In 2006, 6 months before BSS’s entry into any village, we conducted a baseline survey in all 75 villages. This survey consisted of a village questionnaire, a full census that collected data on all households in the villages, and a detailed follow-up survey fielded to a subsample of individuals. In the village questionnaire, we collected data on the village leadership, the presence of preexisting nongovernmental organizations (NGOs) and savings self-help groups (SHGs), and various geographical features of the area (such as rivers, mountains, and roads). In the household census, we gathered demographic information, GPS coordinates, and data on a variety of amenities (e.g., roofing material, type of latrine, quality of access to electric power) for every household in each village.

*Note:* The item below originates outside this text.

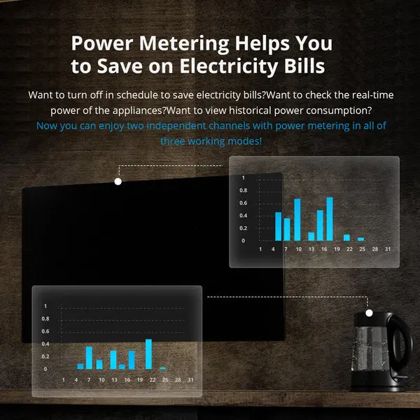 【Dual-Channel Power Metering – Track Energy Usage】Each channel independently measures voltage, current, and power consumption, helping you manage and optimize energy usage. (Note: Not available in DUALR3 Lite)
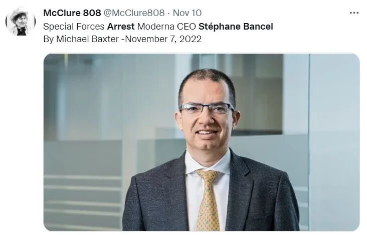 中外社交网络流传一则消息:“美国特种部队逮捕了新冠疫苗生产商莫德纳(Moderna)的CEO Stéphane Bancel”。推特网友称,该说法的报道者为Michael Baxter。

After the village and household modules were completed, a detailed individual survey was administered to a subsample of villagers. Respondents were randomly selected, and we stratified sampling by religion and geographic sublocation. More than half of the BSS-eligible households (i.e., those with females between the ages of 18 and 57) in each stratification cell were randomly sampled. Individual surveys were administered to eligible members and their spouses, yielding a sample of about 46% of all households per village, and we corrected some of our measures for missing data. The individual questionnaire asked for information including age, caste, education, language, native home, and occupation. So as to not prime the villagers to join BSS or suggest any possible connection with BSS (which would enter the villages later), we did not ask for explicit financial information.

These individual surveys also included a module that collected social network data along 12 dimensions: names of those who visit the respondent’s home, those whose homes the respondent visits, kin in the village, nonrelatives with whom the respondent socializes, those from whom the respondent receives medical advice, those from whom the respondent would borrow money, those to whom the respondent would lend money, those from whom the respondent would borrow material goods (kerosene, rice, etc.), those to whom the respondent would lend material goods, those from whom the respondent gets advice, those to whom the respondent gives advice, and those with whom the respondent goes to pray (at a temple, church, or mosque) (*5*).

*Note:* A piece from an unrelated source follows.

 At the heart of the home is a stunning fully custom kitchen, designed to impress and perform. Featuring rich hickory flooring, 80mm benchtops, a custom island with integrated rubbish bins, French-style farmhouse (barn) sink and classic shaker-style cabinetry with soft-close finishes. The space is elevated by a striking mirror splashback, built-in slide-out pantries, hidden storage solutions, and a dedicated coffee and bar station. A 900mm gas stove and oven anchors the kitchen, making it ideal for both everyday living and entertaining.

In 2007, after we finished data collection, BSS began operations in some of these villages. By the time we finished collecting data for this study in early 2011, BSS had entered 43 of the villages. Across a number of demographic and network characteristics, the villages they entered look similar to the ones they did not (*6*). Our analyses focus on the 43 villages in which BSS introduced its program.

In these villages, BSS provided us with regular administrative data on who joined the program, which we matched with our demographic and social network data. When BSS started to work in a village, it sought out a number of predefined leaders whom they expected to be well-connected within the village (e.g., teachers, leaders of self-help groups, and shopkeepers). BSS first held a private meeting with leaders that were amenable to it, and credit officers explained the program and asked the leaders to help organize a meeting to present information about microfinance to the village. These leaders play an important part in our identification strategy, as they function as injection points for microfinance in the village. We used the full set of predesignated leaders, as opposed to the subset of leaders who actually worked with BSS in each village (both because this is endogenous—whether or not a leader worked with BSS could correlate with omitted variables that may bias estimation—and because we did not always have this information).

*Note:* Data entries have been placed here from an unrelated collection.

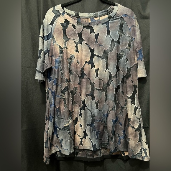 Discover elegance with this abstract pattern tunic, featuring a blend of blue, gray, and black hues. Perfect for any occasion.
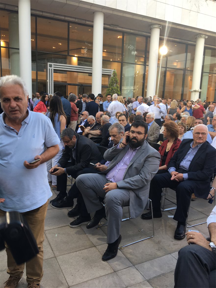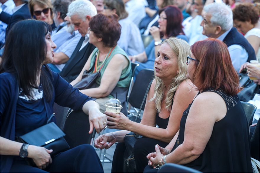 Αγκαλιές, χαμόγελα, πηγαδάκια που άλλοτε δεν θα περίμενε κανείς ότι θα μπορούσαν να υπάρξουν κυριάρχησαν στο αίθριο του Μεγάρου Μουσικής πριν από την έναρξη της ομιλίας του Αλέξη Τσίπρα.
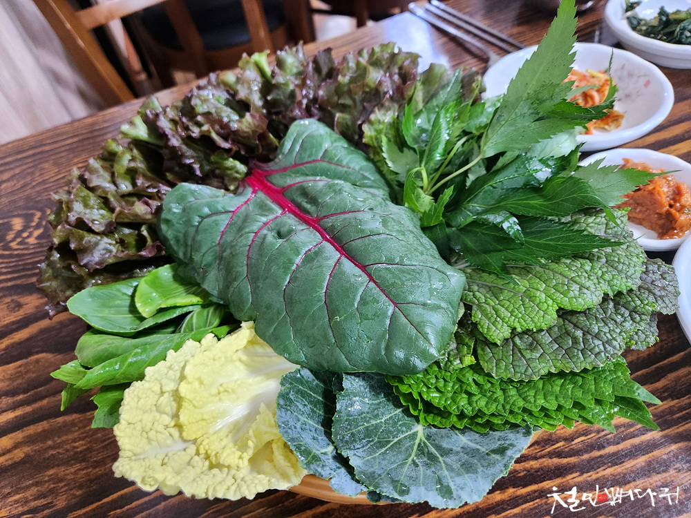 우렁쌈장이 나오니, 쌈 싸 먹는 게 더 맛있어졌습니다.

## Model and Structural Estimation

Our simple model of diffusion on a network is depicted in Fig. 1. We model the diffusion of participation as a process on the household-level network, with participation decisions being made at the household level. As such, a node represents a household (which is the appropriate unit for microfinance). The model can be summarized as follows:

1) An initial set of households is informed (injection points).

2) The initial households decide whether to participate.

3) In each subsequent period, households that have been informed in previous periods pass information to each of their neighbors, independently, with probability *q*^{P} if they are participants and with probability *q*^{N} if they are not.

4) Newly informed households then decide whether to participate. This decision may depend on a newly informed household’s characteristics and potentially on the previous participation choices of their neighbors who told that household about microfinance (*7*). Previously informed households do not have a second chance to decide.

5) The process stops after *T* periods of information passing.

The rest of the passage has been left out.